By his side, the dwarf’s mighty hand, almost as big as Sylvas entire head, tightened into a fist.
“I was the rising star. I was the king in waiting. Everyone respected me. Everyone thought I was going to go on to be… Then you came along, and even before your lucky roll of the dice with your affinity, you were standing your ground, pushing back, interfering in all my plans. You poisoned them all against me. Tricked them into thinking I was some sort of monster. I came here to fight monsters and you…” He took a ragged breath, and his clenched fists uncurled. “You win.”
He stared right into Sylvas eyes, and for the first time, the tears of frustration he’d been hiding cam brimming up into them. “You beat me. The cull was my last chance, a chance to prove I was so strong it didn’t matter what else had happened. A chance to prove I could still be all the things I was meant to be. But you… you stole that from me too.”

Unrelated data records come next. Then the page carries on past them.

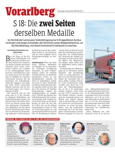 Im Vorfeld der Lustenauer Volksbefragung zur S 18 appellieren Karina Lechtaler und Eugen Schneider, die Vertreter zweier Bürgerinitiativen, an die Bevölkerung, von ihrem Stimmrecht Gebrauch zu machen.
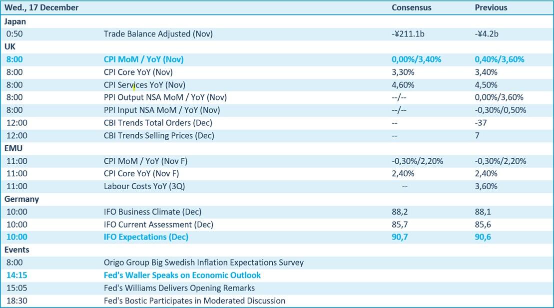 - Inflatie staat vandaag centraal op de economische agenda, al gaat het niet om zwaarwichtige cijfers. Zo komt het VK met data zoals de algemene CPI, de kerninflatie en de inflatie in de dienstensector, presenteert de Eurozone finale inflatiecijfers én de loonkosten voor het derde kwartaal en komt ook Zweden op de proppen met inflatieverwachtingen. Maar inflatie is niet iets waar de markten vandaag wakker van liggen. Wel van groei, en dus is de set van Duitse Ifo-indicatoren (business climate, current assessment en expectations) belangrijker. De VS brengt vandaag weinig naar tafel, behalve toespraken door Fed-leden Waller, Williams en Bostic.
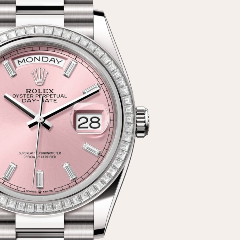 Gem-setters, like sculptors, finely carve the precious metal to hand-shape the seat in which each gemstone will be perfectly lodged. With the art and craft of a jeweller, the stone is placed and meticulously aligned with the others, then firmly secured in its gold or platinum setting. Besides the intrinsic quality of the stones, several other criteria contribute to the beauty of Rolex gem-setting: the precise alignment of the height of the gems, their orientation and position, the regularity, strength and proportions of the setting as well as the intricate finishing of the metalwork. A sparkling symphony to enhance the watch and enchant the wearer.
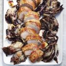 Delicate pork tenderloin is the extra-lean meat adjacent to the loin. This tasty, supple little muscle has a tendency to dry out quickly during cooking and can go from perfectly pink to dry and mealy the second you turn your back on the sauté pan. Our solution is to provide the tenderloin with a protective layer of much-needed fat in the form of rich, salty pancetta. As the tenderloin roasts, the pancetta crisps, basting the lean muscle with its fat so that it remains moist and infusing it with its robust flavor. Roasted radicchio is an excellent accompaniment.
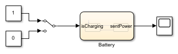 Chargeals auchFastChargeaktiviert. Wennchargeansteigt, geht das Diagramm in die untergeordneten ZuständeSlowChargeundFullüber. Im Fensterbereich Symbols übersteigtchargeniemals100.Kehren Sie zum höchsten Simulink-Modell zurück. Schalten Sie den Wert des Blocks „Manual Switch“ um, indem Sie auf den Block doppelklicken.
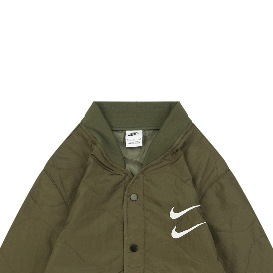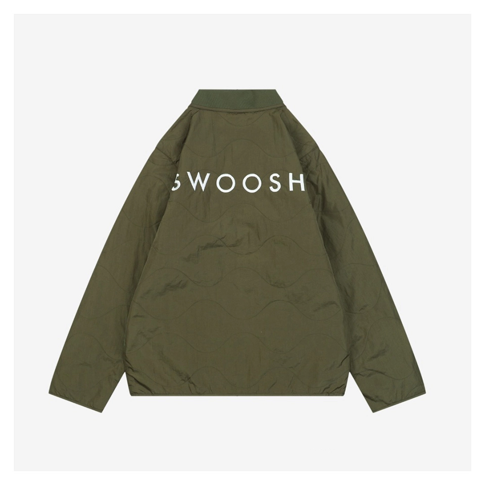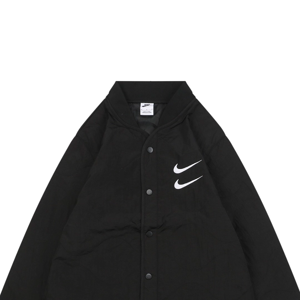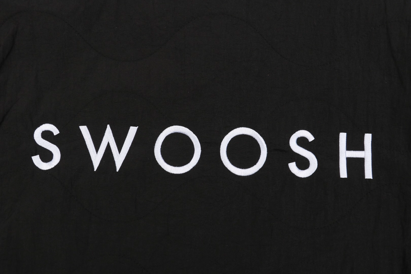 The Nike Swoosh Embroidered Cotton Shirt Jacket blends athletic heritage with a clean, minimalist aesthetic. Featuring double Swoosh embroidery on the chest and bold “SWOOSH” lettering across the back, this lightly padded shirt-style jacket offers a structured yet casual look. Made from durable cotton-blend fabric with subtle wave quilting, it’s perfect for layering across seasons. The snap-button closure and ribbed collar complete its refined streetwear profile.
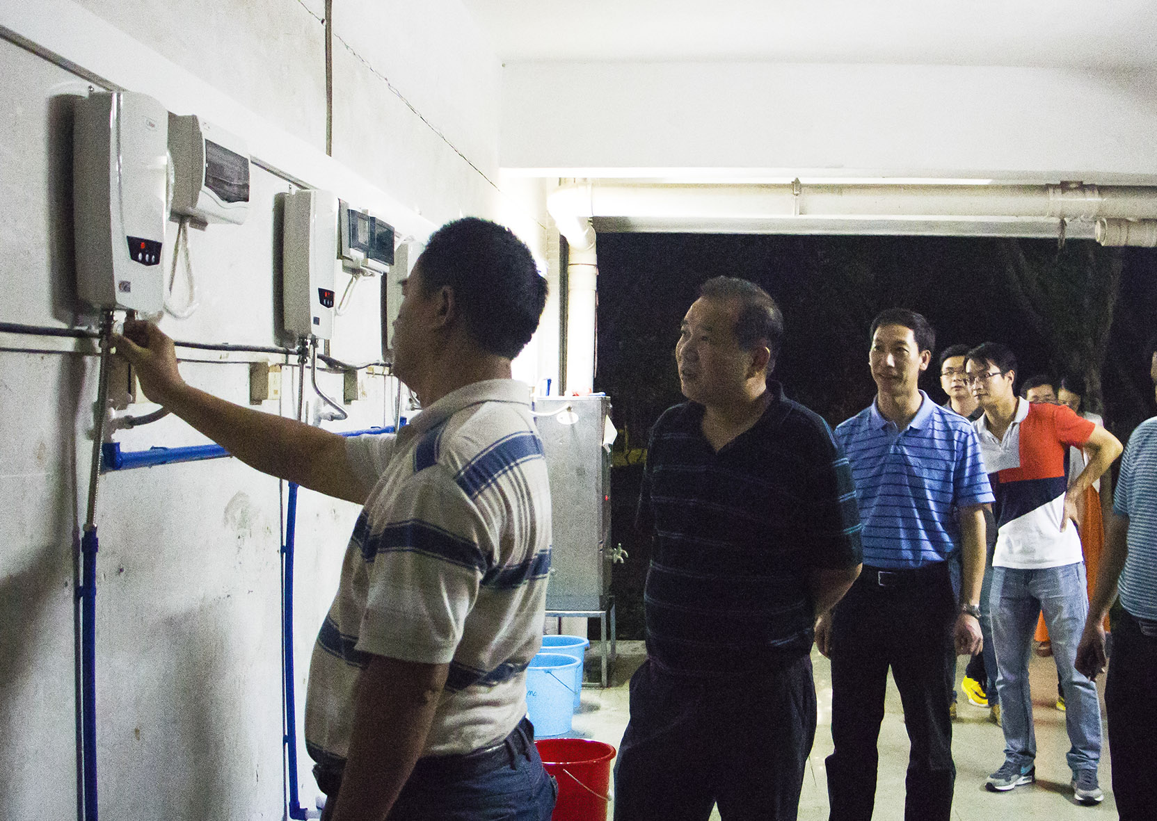 2016年10月14日晚,校长杜方敏在纪委书记黄乃文的陪同下,带领总务处、学生处、学校办公室等部门领导以及北校区各系学生管理副主任、全体辅导员,深入北校区学生宿舍现场办公,督办热水供应问题。

“I’ve got nothing now. I was going to be the greatest, and if I can’t be that… what’s the point. I’ve handed in my resignation. I’m going home.” He drew away from Sylvas, staring down into his helpless rivals eyes. Fists clenched. He wouldn’t even have to use magic, Sylvas was so helpless, all he’d need to do was lay a hand on him and press and the vengeance he’d been seeking all this time would be his. Sylvas shivered in expectation and agony wracked him. By the time the darkness had cleared from his vision, Hammerheart was gone. Leaving Sylvas inexplicably whole and extremely confused.
Just as he thought that he’d gotten a grasp on everything happening on Strife, the world threw him through another twist. This changed everything again. Without Hammerheart acting as a constant source of antagonism, he could finally rely on the support of the rest of the recruits. Without Hammerheart, he could expect to enter training exercises on an even footing with everyone else. No longer would he and his allies be unduly targeted and punished just for existing.
The first term and all of its torments were over. Things were going to be different now.